Al Qaeda is closely tied to the Egyptian Islamic Jihad, the Islamic Movement of Uzbekistan, and other terrorist groups.
Al Qaeda doesn't take credit for its failures, but it is implicated in other terrorist conspiracies. In January 1995, Philippine authorities discovered a plan to blow up as many as 12 jetliners as they crossed the Pacific. In Jordan, authorities foiled the so-called Millennium Plot to attack Westerners across Jordan during the January 1, 2000, celebrations. A plan to bomb Los Angeles International Airport failed when customs officials at the Canadian border found bomb materials in a car. Authorities in Frankfurt, Germany, arrested members of a terrorist cell who were assembling bombs and had surveillance tapes of a crowded Christmas market in Strasbourg, France.

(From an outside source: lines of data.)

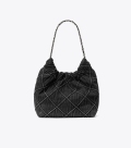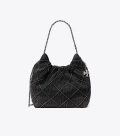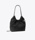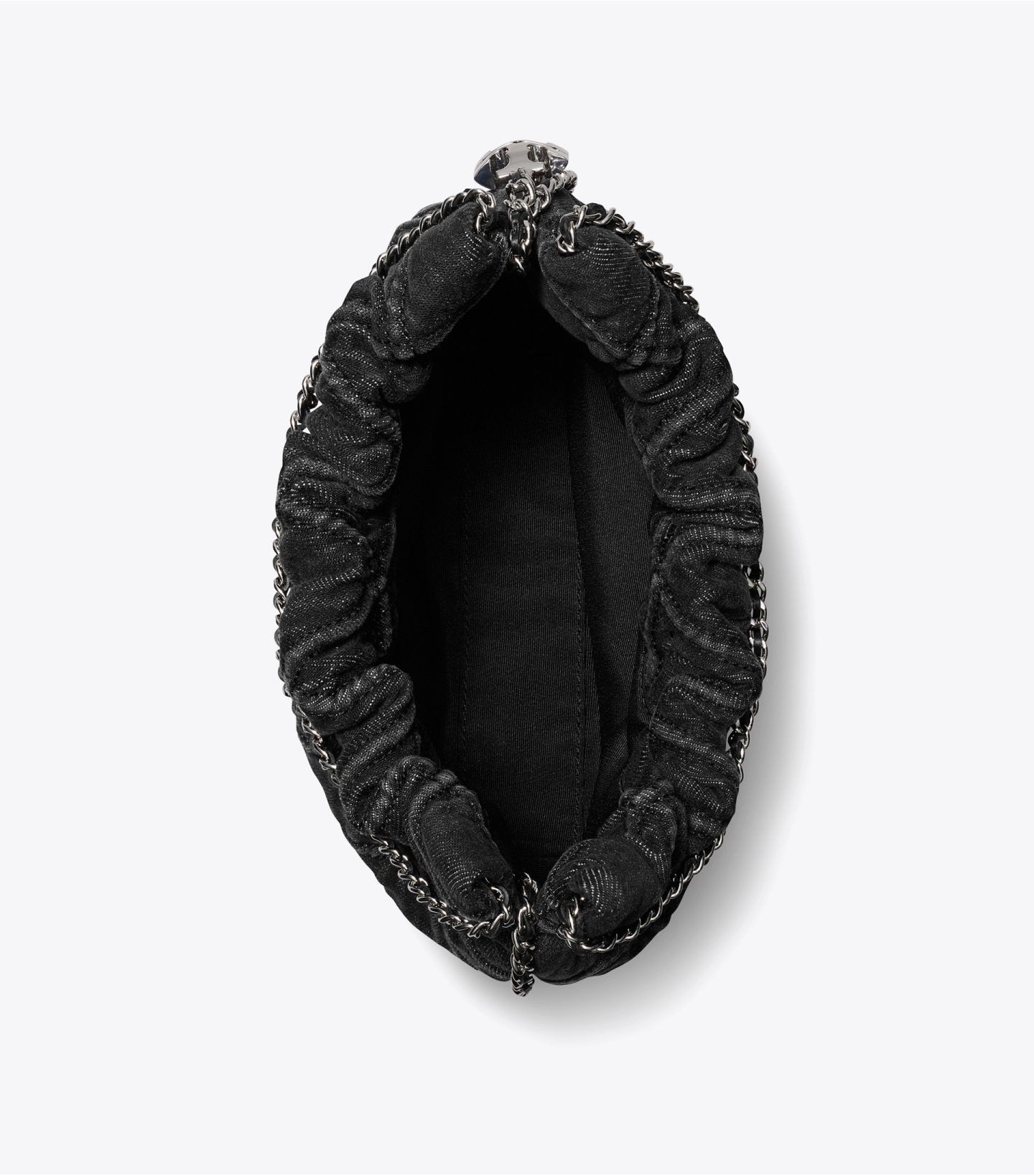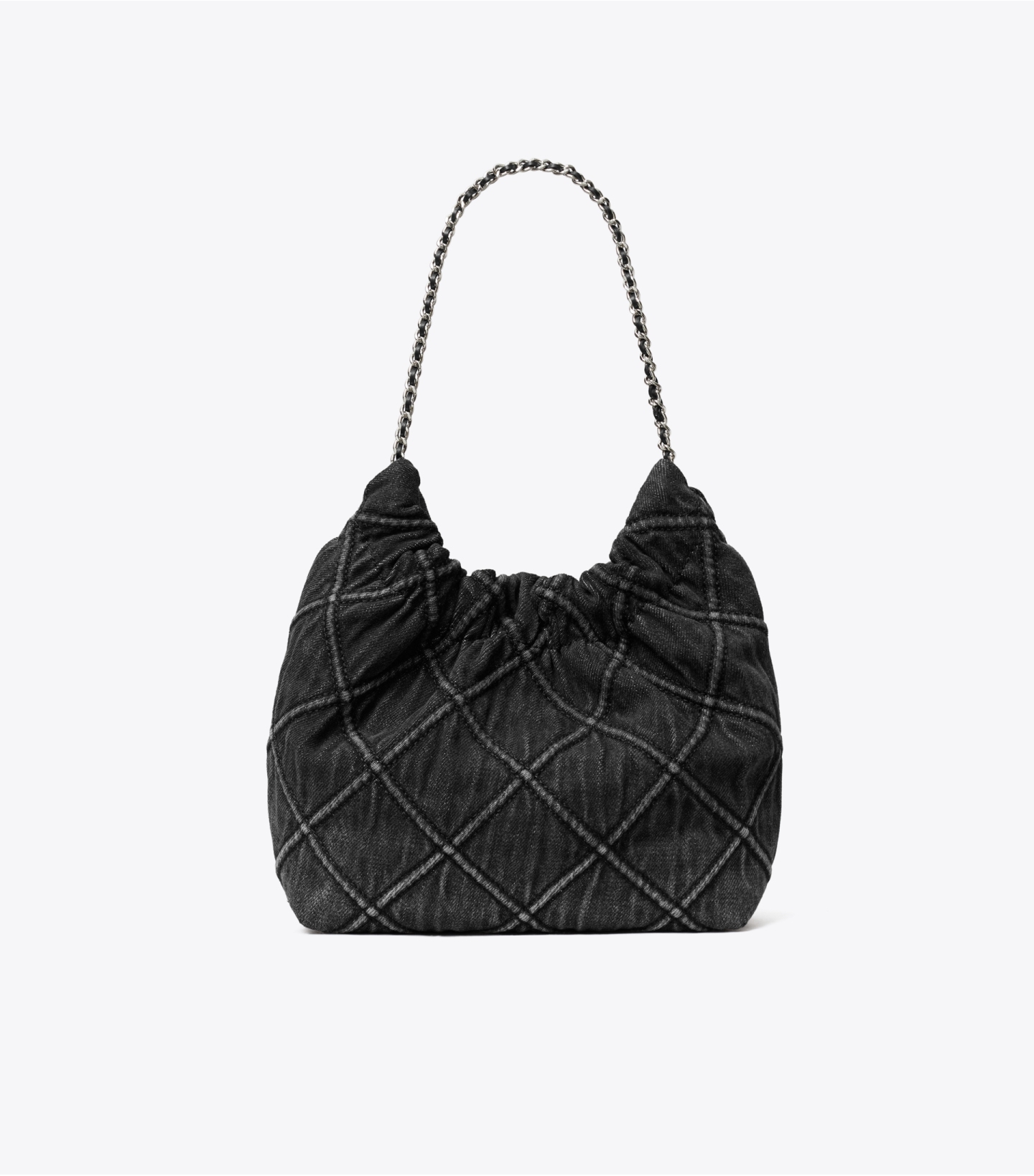 Fleming 迷你柔软肩背包,精选微渐变牛仔面料制成。包身缀以菱格纹褶饰,搭配皮革链条背带。
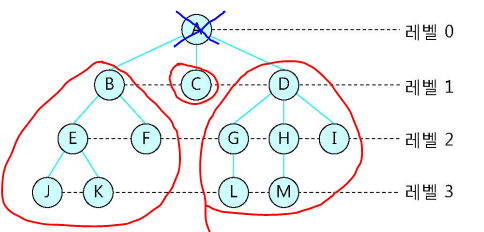 - ํต์ฌ์ ๋ฃจํธ ๋ ธ๋๋ฅผ ์ ๊ฑฐํ๋ค๊ณ ๊ฐ์ ์ ํด์ผํ๊ณ , ์ ๊ฑฐ๊ฐ ๋ ์ํ์์ ๋ถ๋ฆฌ๋ ์๋ธ ํธ๋ฆฌ์ ์งํฉ๋ค์ ์๋ฏธํจ.
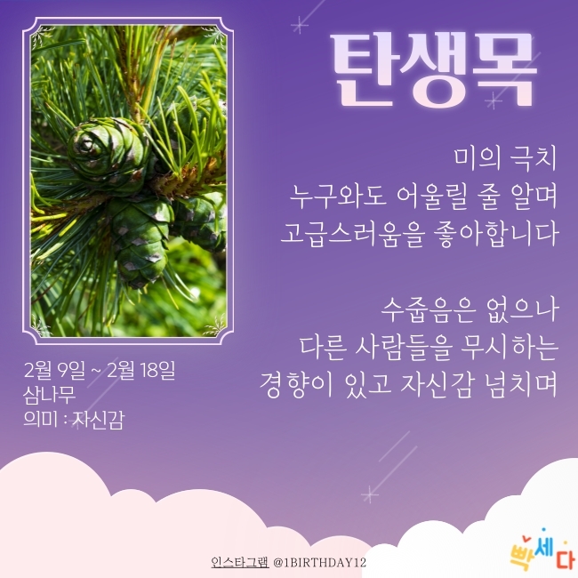 2월 9일 ~ 2월 18일은 "삼나무" 이예요.
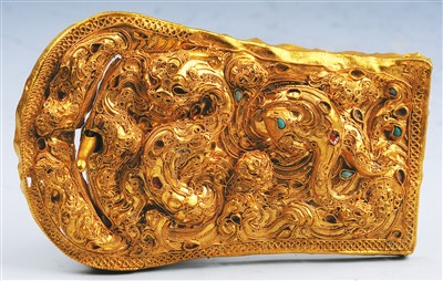 焉耆县金疙瘩遗址出土的汉代八龙纹金带扣精美绝伦,引人驻足。金带扣方尾圆首,呈马蹄形,由金质模压捶揲成型。扣面凸显1条大龙和7条小龙,作群龙戏水状,在激流漩涡间翻腾跳跃,首尾相顾,扬爪摆尾,动感十足。整件带扣工序繁复,图案设计极为精巧,是一件难得的精品。专家认为,八龙纹金带扣应是汉朝赏赐给西域城郭王公贵族的礼物,体现了汉代中央皇权对西域的统治权威。
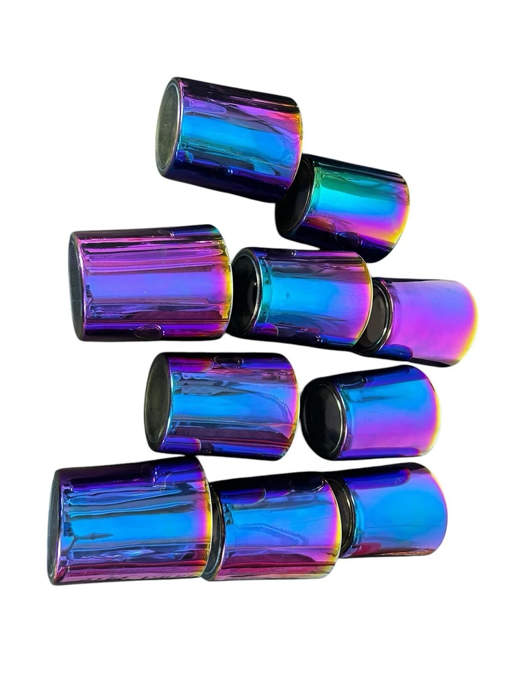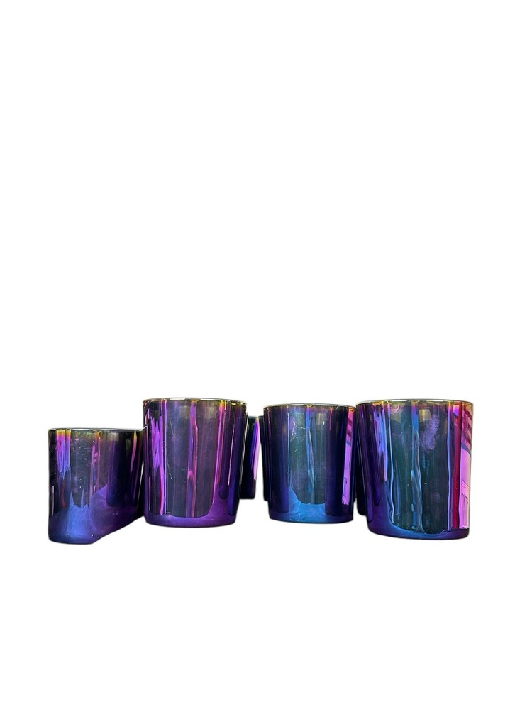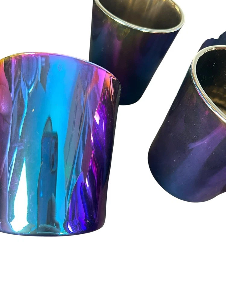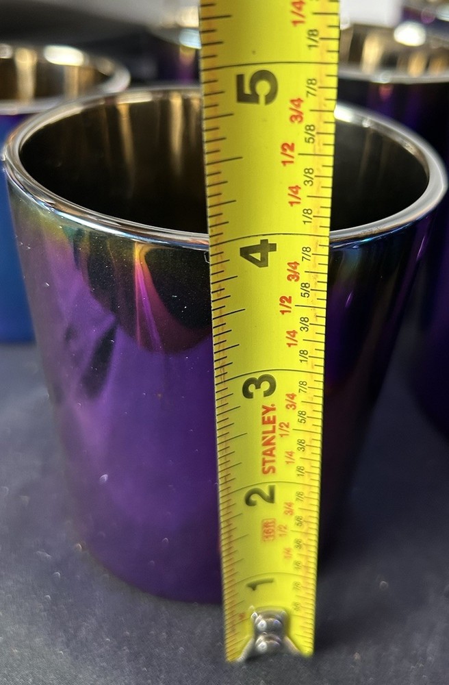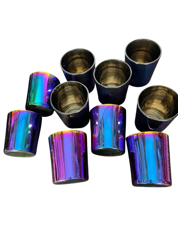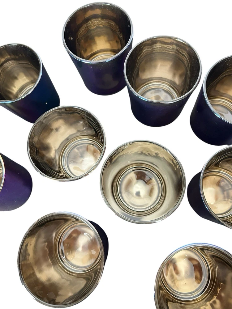 Set of 10 Glasses Or Candle Vases Vtg Carnival Glass Iridescent Oil slick Luster Good vintage condition. Normal signs of wear and use. There are some scratches on about 3 of the glasses/vases, and the rest has some minor scratches. Please study pictures before purchasing Feel free to ask us any questions. Thank you for visiting our store! Shlv
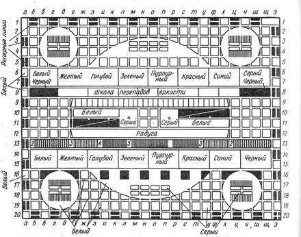 Цветовые искажения оцениваются по качеству воспроизведения специальных электрических испытательных сигналов, имитирующих опорные цвета. Например, широко используются сигналы, формируемые специальным генератором цветных вертикальных полос (ГЦП), с помощью которых на экране кинескопа воспроизводится восемь наиболее важных цветов: белый, желтый, голубой, пурпурный, красны| й, синий и черный (см. рис.2.5). Подобные две цветовые шкалы с разной насыщенностью использованы для визуальной оценки верности цветопередачи и в УЭИТ.
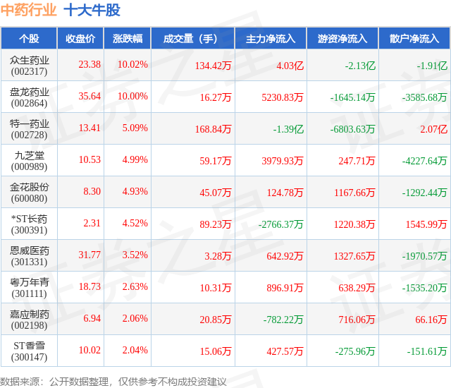 个股表现方面,中药行业当日领涨股为众生药业(002317),该股当日报收23.38,上涨10.02%,成交量134.42万,主力资金净流入4.03亿元。盘龙药业(002864)以上涨10.0%紧随其后,该股当日成交量16.27万,主力资金净流入5230.83万元。除此之外,特一药业(002728)、九芝堂(000989)、金花股份(600080)均进入当日牛股之列。具体个股列表见下表:

Al Qaeda is by no means the only terrorist band operating today. On October 10, the United States issued a "List of Most Wanted Terrorists." Along with al Qaeda suspects, the 22 names include suspects who hijacked a TWA jetliner in 1985 and killed an American passenger; detonated a tanker truck in 1996 at Khobar Towers, a military housing complex in Dhahran, Saudi Arabia, killing 19 U.S. Air Force personnel and wounding 280; and bombed the World Trade Center in 1993, killing six and wounding hundreds.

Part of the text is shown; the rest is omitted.